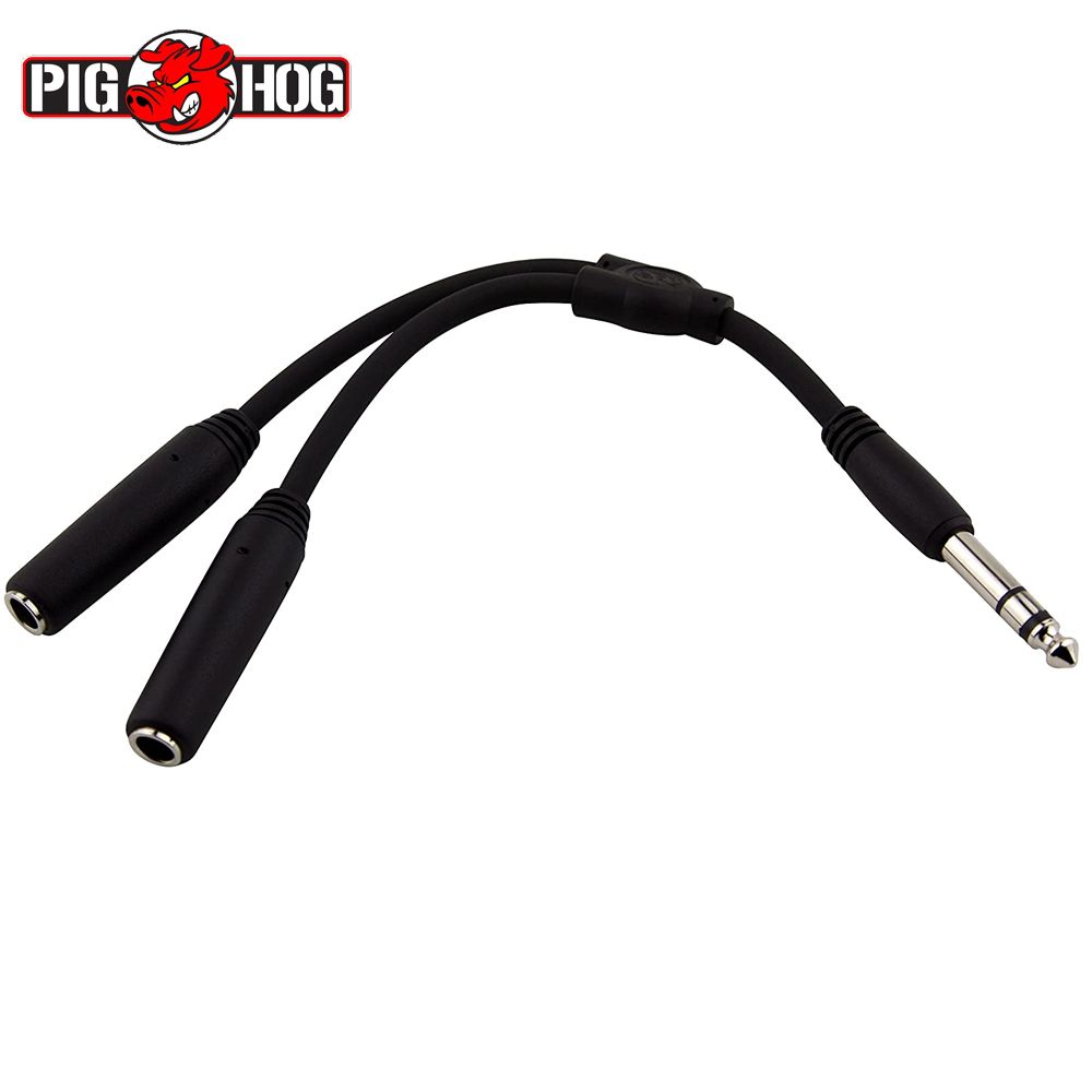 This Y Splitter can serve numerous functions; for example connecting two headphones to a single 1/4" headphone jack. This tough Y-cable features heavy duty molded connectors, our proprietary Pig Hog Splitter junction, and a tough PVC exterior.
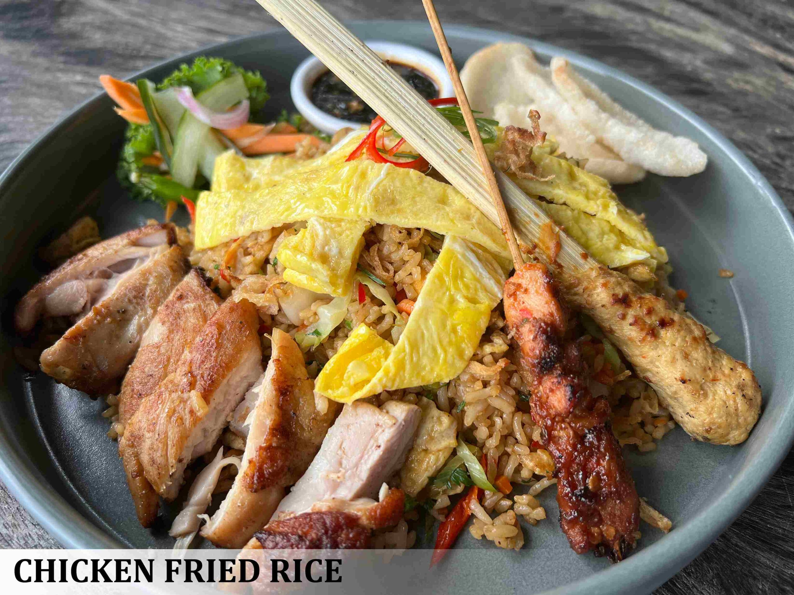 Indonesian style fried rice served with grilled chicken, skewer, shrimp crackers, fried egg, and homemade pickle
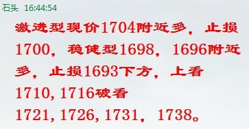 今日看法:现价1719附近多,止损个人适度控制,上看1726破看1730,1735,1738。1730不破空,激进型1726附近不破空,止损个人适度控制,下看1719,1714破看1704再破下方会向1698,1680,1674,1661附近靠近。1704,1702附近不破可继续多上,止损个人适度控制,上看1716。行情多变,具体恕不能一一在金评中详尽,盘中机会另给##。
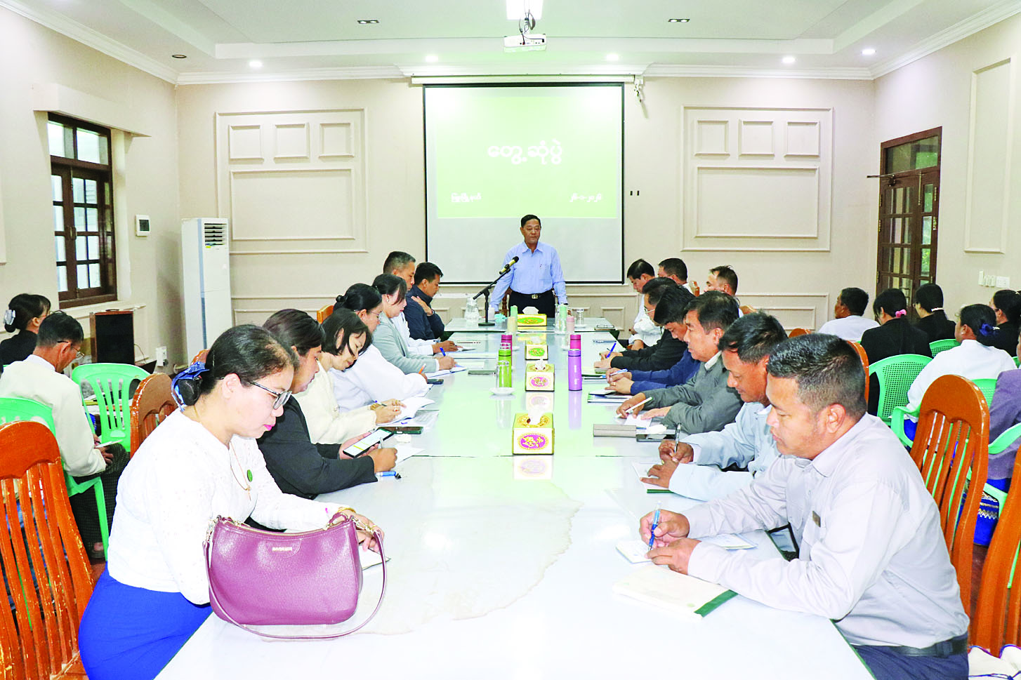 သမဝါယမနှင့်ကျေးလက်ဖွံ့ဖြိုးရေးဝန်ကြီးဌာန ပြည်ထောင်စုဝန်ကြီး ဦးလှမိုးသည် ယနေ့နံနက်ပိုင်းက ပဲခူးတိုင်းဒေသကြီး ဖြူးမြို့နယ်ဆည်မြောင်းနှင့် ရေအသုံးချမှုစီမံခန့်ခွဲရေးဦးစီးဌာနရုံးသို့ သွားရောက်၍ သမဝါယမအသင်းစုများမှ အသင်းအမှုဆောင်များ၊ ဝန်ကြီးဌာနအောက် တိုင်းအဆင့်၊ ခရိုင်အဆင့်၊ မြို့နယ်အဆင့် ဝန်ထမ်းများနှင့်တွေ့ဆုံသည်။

* * *

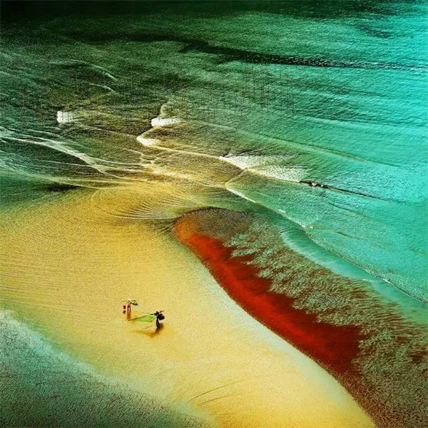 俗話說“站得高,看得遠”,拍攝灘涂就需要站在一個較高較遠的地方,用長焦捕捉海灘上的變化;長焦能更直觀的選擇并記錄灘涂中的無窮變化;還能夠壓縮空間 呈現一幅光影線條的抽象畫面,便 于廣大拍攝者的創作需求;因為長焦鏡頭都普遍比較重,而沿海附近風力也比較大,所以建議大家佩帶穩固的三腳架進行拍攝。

Work to complete:
Retype, exactly and with no pictures, everything above from the line with "This Y Splitter" down to the line with "今日看法:现价1719附近多", both included.

Expected output:
 This Y Splitter can serve numerous functions; for example connecting two headphones to a single 1/4" headphone jack. This tough Y-cable features heavy duty molded connectors, our proprietary Pig Hog Splitter junction, and a tough PVC exterior.
 Indonesian style fried rice served with grilled chicken, skewer, shrimp crackers, fried egg, and homemade pickle
 今日看法:现价1719附近多,止损个人适度控制,上看1726破看1730,1735,1738。1730不破空,激进型1726附近不破空,止损个人适度控制,下看1719,1714破看1704再破下方会向1698,1680,1674,1661附近靠近。1704,1702附近不破可继续多上,止损个人适度控制,上看1716。行情多变,具体恕不能一一在金评中详尽,盘中机会另给##。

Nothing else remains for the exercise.